Love like God

As I read John 12 this time my focus tuned into the father son relationship between Jesus and God. Jesus had the perfect relationship with His Father.

I did not have a good relationship with my dad. Growing up, it seemed I couldn’t do anything right yet, I often heard him praise my little brother who was “just like daddy”, I heard my dad say that many times about my brother to his friends. I never heard my dad say anything like that about me. I did what my dad told me out of fear, never really feeling any love from my dad and I can remember thinking when I was little that I hated him. Now at the age of 60 I know better, my dad always loved me deeply, he just doesn’t know how to express his love. He didn’t realize the favoritism that he showed my little brother hurt me deeply. I love my dad and forgive him for everything. But I’ve always wished for a closer relationship with him. My dad has always been very critical of me, and I’ve grown to be critical of him in my heart, it’s ingrained in me. This spilled out into how I perceive everything.

My whole life, I’ve never wanted to talk to my dad and still today when I’m in his presence I often feel fear deep within. Everybody wanted to talk to Jesus because they heard special words coming from this man teaching about a love greater than anything they ever thought possible. Jesus believed in God’s love for Him and imitated this love to the people around him.

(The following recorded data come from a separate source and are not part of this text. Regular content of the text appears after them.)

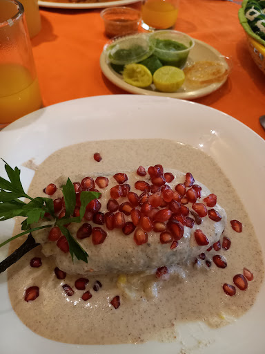 Cominos el chile en nogada, una joya del lugar. Agua de mango, postre de temporada, consome de pollo y códito de 3 quesos.
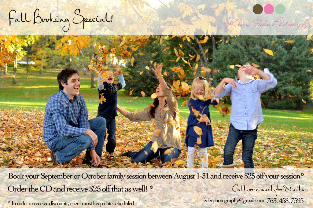 Being that fall is my busiest, craziest season, I am offering a special this year to get all you early bird’s in on the schedule. See details below and give me a call or e-mail to get your session on the calendar! I can’t wait to see you and how all your kids have grown! While you’re at it, take a look at some of last year’s sessions, and let me know what you think!
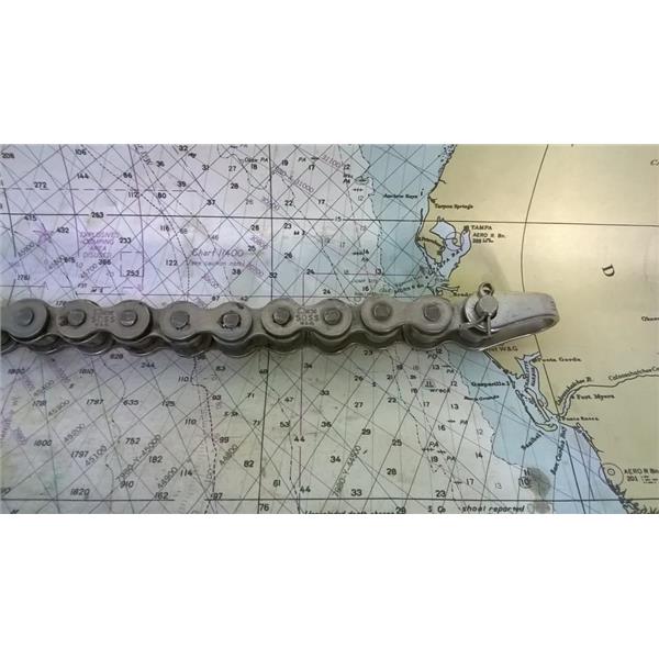 Boaters’ Resale Shop of TX 2403 2822.05 EDSON MARINE STEERING 18" ROLLER CHAIN with SCHAEFER CABLE ADAPTERS ONLY * Roller Chain Size:#50 - 5/8-inch * CABLES NOT INCLUDED * SEE ALL 5 PHOTOS * SOLD AS PICTURED * ITEM WAS PRE-OWNED, USED, IN FAIR PHYSICAL CONDITION AND APPEARS TO BE OPERATING PROPERLY BUT HAS NOT BEEN TESTED FURTHER
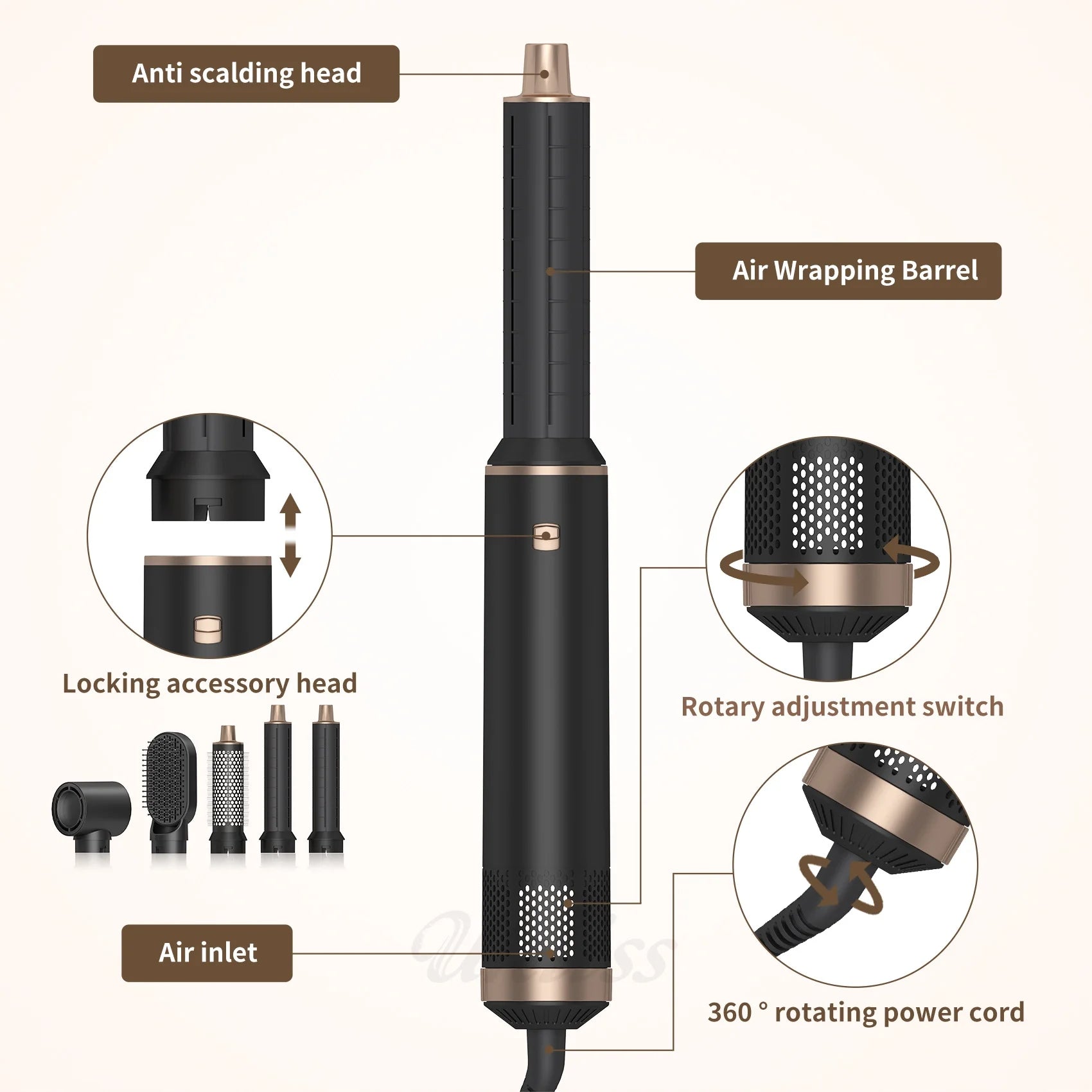 - Versatile Styling Tool: A 5-in-1 hair dryer brush that combines a hot air brush, curling wand, straightening brush, and volumizing brush

I worked hard at having a different relationship with my children than I have with my dad. I have fun with my kids, and they are not afraid to be in my presence. They also don’t hesitate to tell me I’m wrong about something. I speak with a loving attitude, and I listen listen, love love. It’s important that I seek to understand rather than be understood with my family and everybody else. My dad never took the time to get to know me, it wasn’t important to him. My dad believes that as the child, it was my responsibility to know and obey him.

I’m thankful that my heavenly Father knows me, He does understand me. In return I take time to know Him and understand Him. He orchestrated people and circumstances in my life years ago that brought me to a place where I actually heard His voice. In verse 28 it says that a voice came from heaven and the crowd standing there heard it and many said it was thunder. How many times did God speak to me before I heard him? I’m so thankful God has opened the eyes of my heart so I may hear His voice. Thankful He brought light into my dark world.

When I read God‘s word I just want to read more, I love the wisdom that God is sharing with me through his written words and His ministry through Jesus. I know He is with me and cares about my well-being. God‘s love has helped me to not see my dad with a critical heart but a loving heart. Growing up all I ever wanted to do is please my dad and find favor in his eye and hear him say that he was proud of me or happy with me, some kind of acknowledgment that he even liked me. Even still today I desire that, and even though my dad doesn’t say those words I think I know they’re true.

If we listen, we hear God speaking loving encouraging words to us because: He loves us, is proud of us, wants to spend time with us, wants to listen to us, wants to understand us, wants to help us, wants to bless us, and His promises for our lives go on and on. Because I spend time with my Father in heaven I’m not the critical person I used to be, critical thoughts are not my default any longer. If a critical thought does pop into my mind, I pray. I cannot control the first thought that pops in my head, but my second thought is within my control, but I often need God’s help. I want to love like Jesus loves, like our Father God loves.